The state-owned regional airline has been placed in provisional liquidation after its business rescue rescue practitioners and the Department of Public Enterprises were unable to agree on a rescue plan. The airline stopped paying salaries from February.
Lebogang Matlala wrote to Ramaphosa to say liquidating SAX would be a blow to transformation in South Africa's airline industry. A first officer ranks below a captain on an airplane, and is sometimes referred to as a co-pilot.
Matlala said SA Express was currently the only airline in the country that accepted newly qualified commercial pilots with 200 hours flying time to fly for the airline as part of its cadet pilot programme.
"To this day, when a pilot moves from SA Express to other airlines, training captains receive calls to compliment then on the quality and standard of those individuals," Matlala writes.
Training costs
Pilot training can cost between R700 000 and R1 million, making it impossible for most to afford.
"Of course, we have to be of high standards because we have to constantly prove that we belong here, because any sign of weakness will reflect on the programme as a whole," writes Matlala.

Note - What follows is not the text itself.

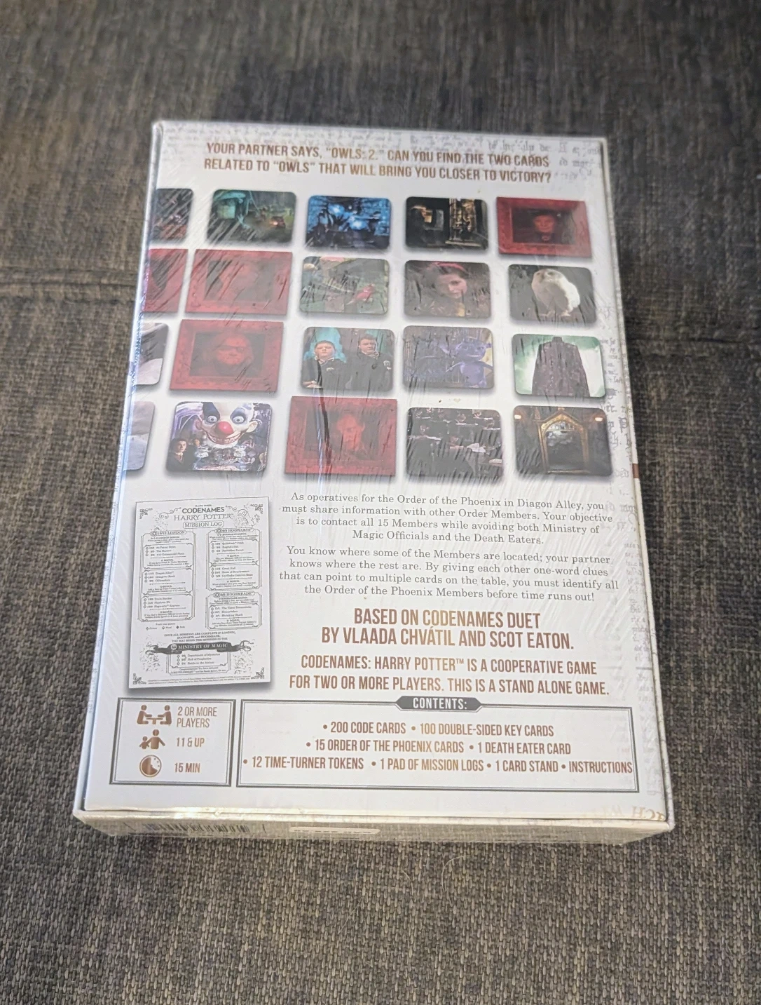 Selling a brand new, still-sealed copy of Codenames: Harry Potter Edition! This is a cooperative game for two or more players. It includes 200 code cards, 100 double-sided key cards, 15 Order of the Phoenix cards, 1 death eater card, 12 time-turner tokens, 1 pad of mission logs, 1 card stand, and instructions. Recommended for ages 11 and up, with a playtime of about 15 minutes!
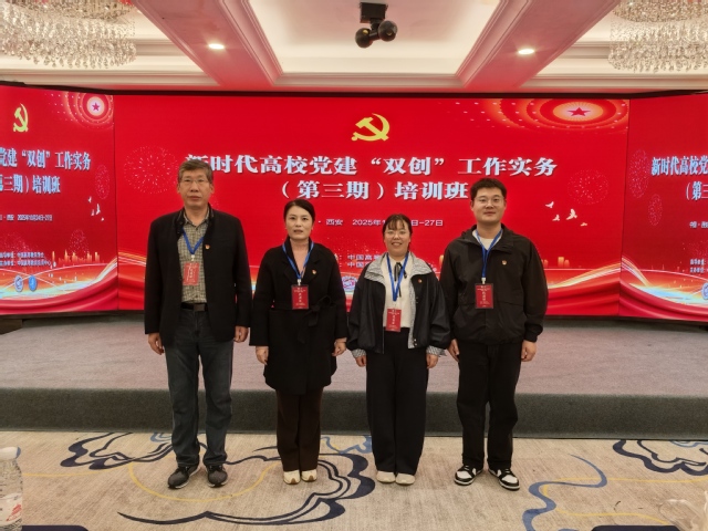 为深入学习贯彻新时代党的建设总要求,全面提升党建工作质量,推动党建与业务深度融合,2025年10月24日至27日,我院选派张佳、张立涛、张凤霞、国瑞坤四位教师,赴西安参加新时代高校党建“双创”工作实务培训班(第三期)。本次培训由中国高等教育学会指导、中国高等教育培训中心主办,旨在提升高校基层党组织“双创”工作水平,为教育强国建设筑牢组织保障。

So far, around 80 pilots from previously disadvantaged groups had come up the ranks through SA Express, he said.
He points out that, according to statistics provided by the SA Civil Aviation Authority in its 2018/2019 annual report, 348 people from previously disadvantaged groups held commercial pilot licences, compared to 2 772 white people.
"The little transformation that has been achieved has primarily been achieved through SA Express. It is important to note that, without SA Express, the numbers we see at SAA and Mango would have not been possible, simply because SA Express is and has been the feeder of experienced pilots for other companies.
"SA Express was once one of the most respected company in aviation and was the fastest growing regional airline in Africa and cost the taxpayer nothing, but actually yielded profits. It was mismanagement and poor governance that dimmed the light of this thriving business."
In his letter, Matlala said it was not simply about wanting government, via taxpayers, to provide money to revive the airline, simply because it drives transformation. He merely wanted his letter to show why SA Express was so crucial and why it should be regarded – and celebrated – as a national asset.
Provisional liquidation
According to the provisional liquidator of SA Express, Aviwe Ndyamara of the Tshwane Trust Company, there is certainly an opportunity within the liquidation proceedings for restarting operations. This would be where the liquidators enter into a compromise with the body of creditors.
"That, of course, would require an investor to enable the liquidators to be in a position to negotiate a compromise," said Ndyamara.
Earlier this week, Ndyamara briefed Parliament and indicated that seven "interested parties" had expressed an interest in the airline.
The National Union of Metalworkers of South Africa and the South African Cabin Crew Association recently announced that they had an investor from the United Arab Emirates potentially interested in buying a stake in SA Express.
South African law prohibits a stake larger than 25% in foreign ownership in a domestic airline.